RAW DATA.
[Start of section]

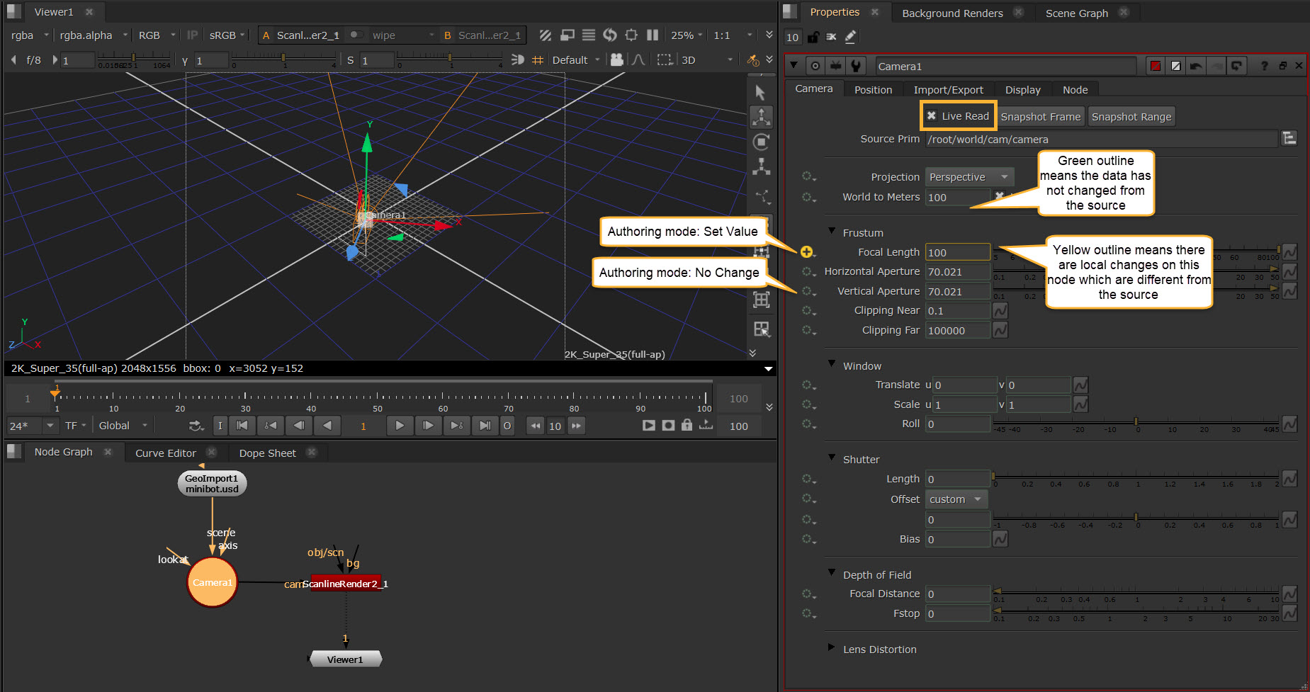 If you are using an imported or referenced camera, and have enabled Live Read, you'll notice that the knobs have a green outline. This helps you to see which data is being read from elsewhere in their script and which data has been changed directly on the node itself.
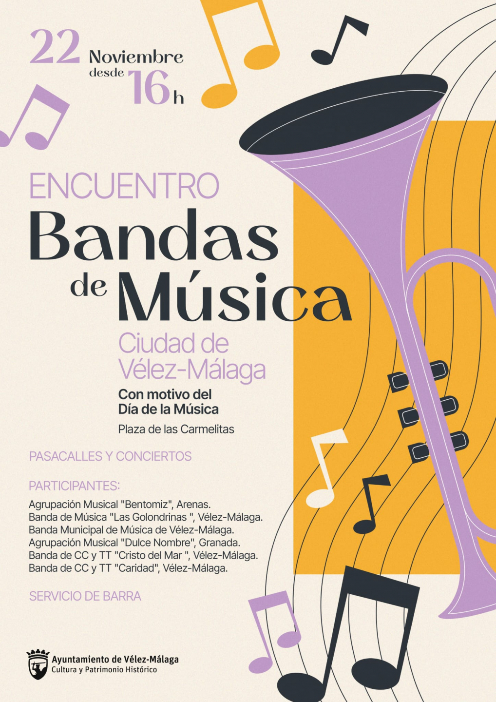 El Encuentro de Bandas de Música “Ciudad de Vélez-Málaga”, aderezado por la coordinación de pasacalles, conciertos y múltiples sorpresas, contará con un cartel de actuaciones de absoluto relumbrón, con la intervención estelar de nuestra Banda Municipal de Música como anfitriona. Junto a ella, otorgarán lustre a la cita la agrupación musical “Bentomiz” (Arenas), la banda de música “Las Golondrinas” (Vélez-Málaga), la agrupación música “Dulce Nombre” (Granada), la Banda de Cornetas y Tambores “Cristo del Mar” (Vélez-Málaga) y la Banda de Cornetas y Tambores de la Caridad.
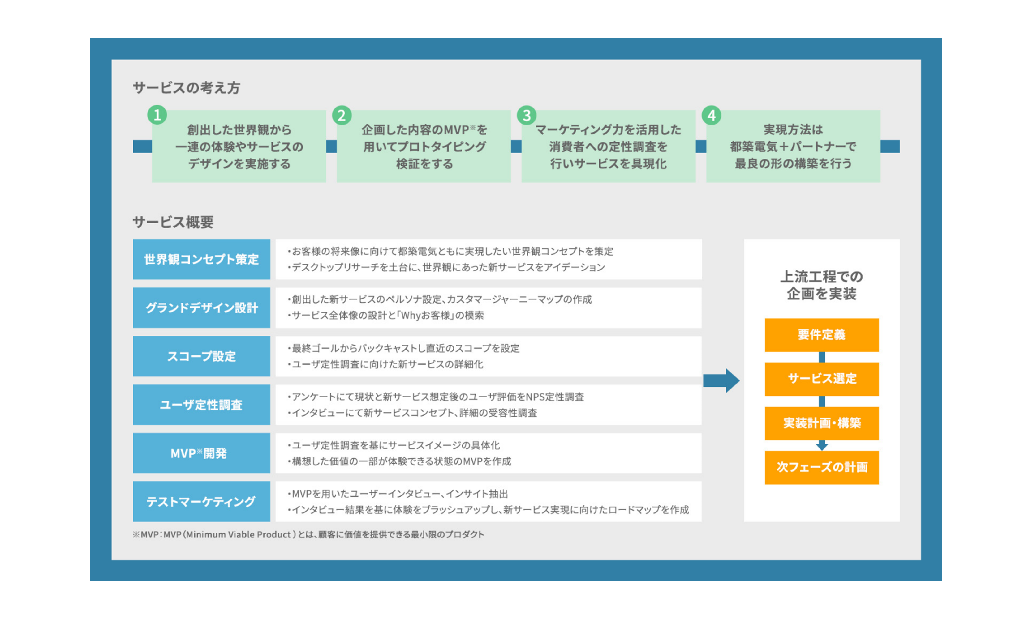 お客様の新規サービス創出に向けた一連のプロセスを提案するマーケティングサービスです。
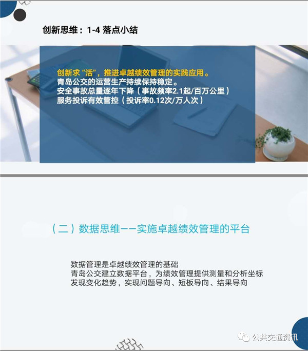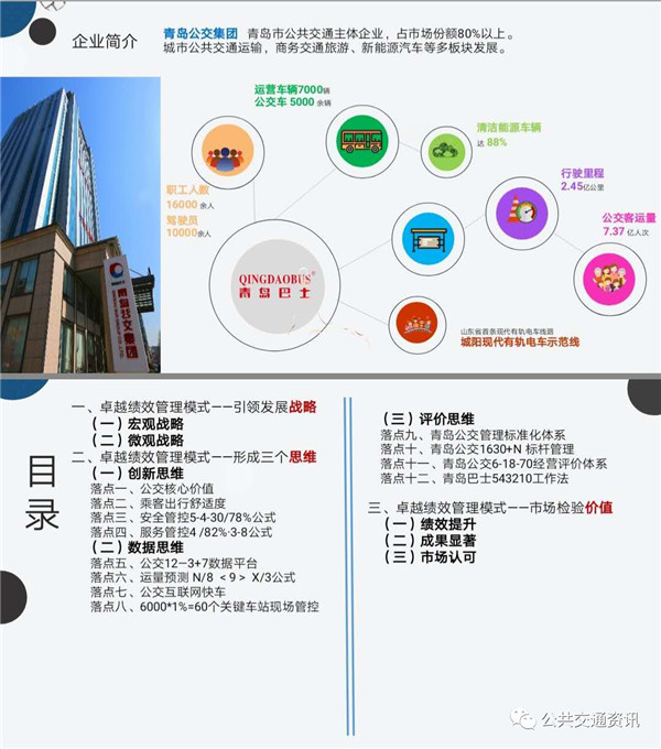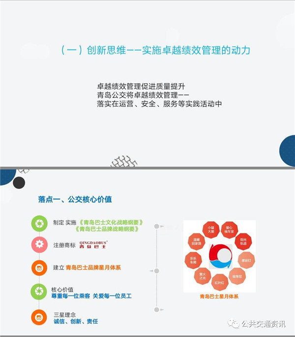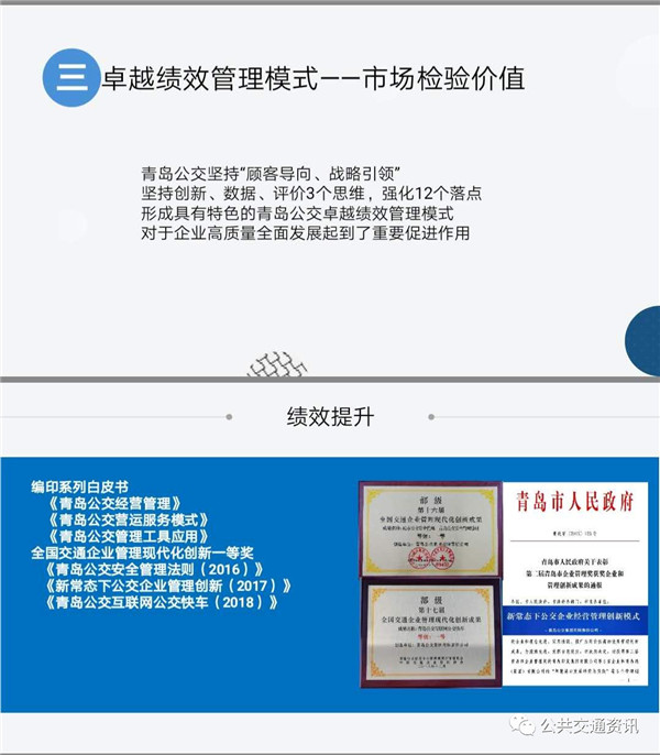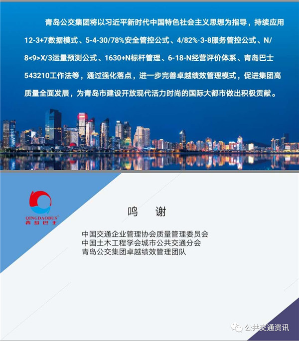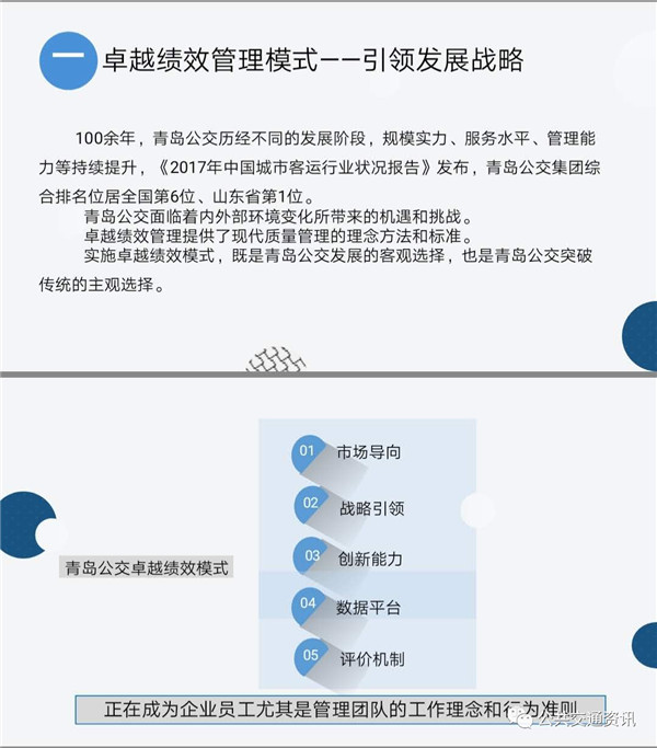 青岛公交管理团队在实施卓越绩效管理的过程中,形成了“市场导向+战略引领+创新能力+数据平台+评价机制”为主要素的青岛公交卓越绩效模式,正在成为企业员工尤其是管理团队的工作理念和行为准则。
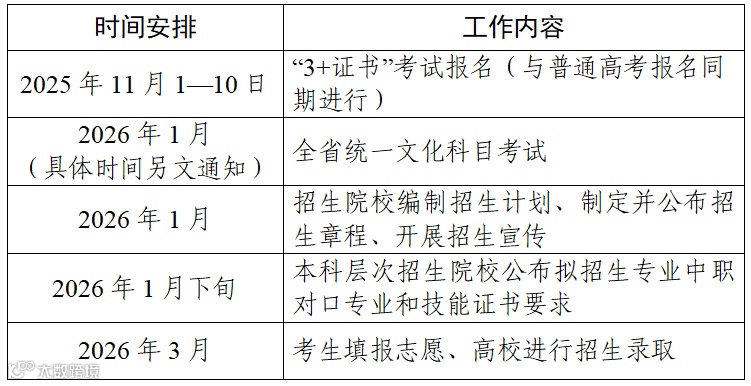 现就做好我省2026年普通高校招收中等职业学校毕业生“3+证书”考试招生有关工作通知如下:

[End of section]

EXERCISE INSTRUCTIONS.
Nothing outside the stretch above, from the line with "El Encuentro de" through the line with "お客様の新規サービス創出に向", is set down. Transcribe that stretch exactly, ends included, but not its pictures.

YOUR SOLUTION.
 El Encuentro de Bandas de Música “Ciudad de Vélez-Málaga”, aderezado por la coordinación de pasacalles, conciertos y múltiples sorpresas, contará con un cartel de actuaciones de absoluto relumbrón, con la intervención estelar de nuestra Banda Municipal de Música como anfitriona. Junto a ella, otorgarán lustre a la cita la agrupación musical “Bentomiz” (Arenas), la banda de música “Las Golondrinas” (Vélez-Málaga), la agrupación música “Dulce Nombre” (Granada), la Banda de Cornetas y Tambores “Cristo del Mar” (Vélez-Málaga) y la Banda de Cornetas y Tambores de la Caridad.
 お客様の新規サービス創出に向けた一連のプロセスを提案するマーケティングサービスです。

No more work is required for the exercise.